WHAT THE EXERCISE ASKS » Where the word "winner" occurs in a line of the data, return the whole line.
==== RECORDS FOR THIS EXERCISE ====
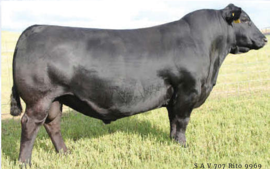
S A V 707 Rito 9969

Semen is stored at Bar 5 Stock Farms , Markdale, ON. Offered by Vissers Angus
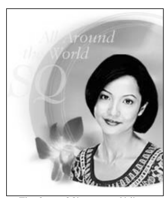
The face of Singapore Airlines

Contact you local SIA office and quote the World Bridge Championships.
====
==== RECORDS FOR THIS EXERCISE ====
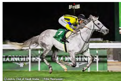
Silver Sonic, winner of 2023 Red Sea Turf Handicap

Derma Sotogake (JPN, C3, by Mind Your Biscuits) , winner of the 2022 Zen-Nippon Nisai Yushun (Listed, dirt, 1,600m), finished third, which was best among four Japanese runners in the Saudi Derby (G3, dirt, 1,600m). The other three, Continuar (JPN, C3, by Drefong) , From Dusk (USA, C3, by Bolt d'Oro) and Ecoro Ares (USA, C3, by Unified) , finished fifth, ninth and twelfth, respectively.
====
==== RECORDS FOR THIS EXERCISE ====
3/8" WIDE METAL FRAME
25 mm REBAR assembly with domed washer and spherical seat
====
EXERCISE OUTPUT »
Silver Sonic, winner of 2023 Red Sea Turf Handicap
Derma Sotogake (JPN, C3, by Mind Your Biscuits) , winner of the 2022 Zen-Nippon Nisai Yushun (Listed, dirt, 1,600m), finished third, which was best among four Japanese runners in the Saudi Derby (G3, dirt, 1,600m). The other three, Continuar (JPN, C3, by Drefong) , From Dusk (USA, C3, by Bolt d'Oro) and Ecoro Ares (USA, C3, by Unified) , finished fifth, ninth and twelfth, respectively.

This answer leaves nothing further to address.